The Coptic Synaxarian calls Peter "head of the apostles." [PO. 16:313].
A notice for the feast of Ss. Peter and Paul on 5 Abib, or June 29, reads:
"...when [the Lord] chose Peter, He made him first of the disciples..........Then the Lord gave him the best part, established him as cornerstone of the Church....." [PO 17:622-3].
The Coptic Synaxarian commemorates Peter's confession on 7 Mesore, or July 31 and says:
"....Peter became the head of the disciples, and lieutenant [sic] at Rome, for the authority over all the heads of the world...." [PO 17:710].
The Ethiopian Synaxarian commorates St. Peter on 7 Nahase [August 13] and refers to him as "head of the apostles.....He [Peter] is established over all the princes of the world, the patriarchs, metropolitans, bishops, priests, deacons, and the entire priestly clerical order..." [PO 9:291-2].
PETER AND PAUL
In the tradition of the Church, Saints Peter and Paul enjoy a certain distinction within the apostolic choir: they are leaders or "chiefest" of the apostles. Several fathers use this language; for example Venantius Fortunatus, the Latin hymnographer, proclaimed:
"[Paul] was more learned in his admonitions; [Peter] was higher in rank......the one opens the way to heaven by his teachings, the other by the key." [Miscellanea III, 7. PL 88:126].
Peter was prince by virtue of the key; Paul was also first by his teaching. [Miscellanea IX, 2. PL 88:299].

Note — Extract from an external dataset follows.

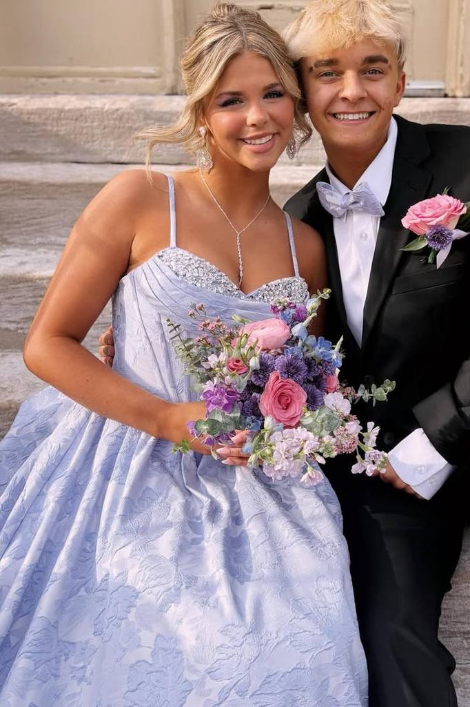 Spaghetti Straps A-Line Floral Satin Beaded Formal Prom Dress

There are also many testimonies to Saint Peter's primacy in the Syriac liturgies, but that will have to wait for another day. He is also given primacy in west Syrian liturgies.

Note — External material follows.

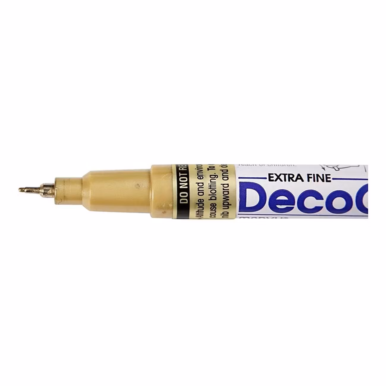 Metallpenna Guld är en permanent tuschpenna i skimrande guld med en tunn och fin spets på 0,8 mm som kan användas som en dekorationspenna. Spritpennan passar alla slags material. Metallpennan rekommenderas inte att användas av barn.

"The right of using this authority passed on to the other apostles, but what is intimated to all is, not without reason, commended to one. For this [authority] is singularly entrusted to Peter, because the form of Peter is set before all the rulers of the Church. The priviledge of Peter remains, therefore, wherever judgement is passed through his equity, nor is there excessive severity or remission where nothing shall be bound, nothing loosed, what Blessed Peter shall have either bound or loosed." [Sermon 83: PL 54:430].
The Greek Church celebrated the feast of the chains of St. Peter on January 16. The text venerates Peter as the coryphaeus, "rock of the faith," "key bearer," protothrone," and "law-giver, shepherd and teacher of Christ's flock." [Menaion, Athens 1979, January, 138-45].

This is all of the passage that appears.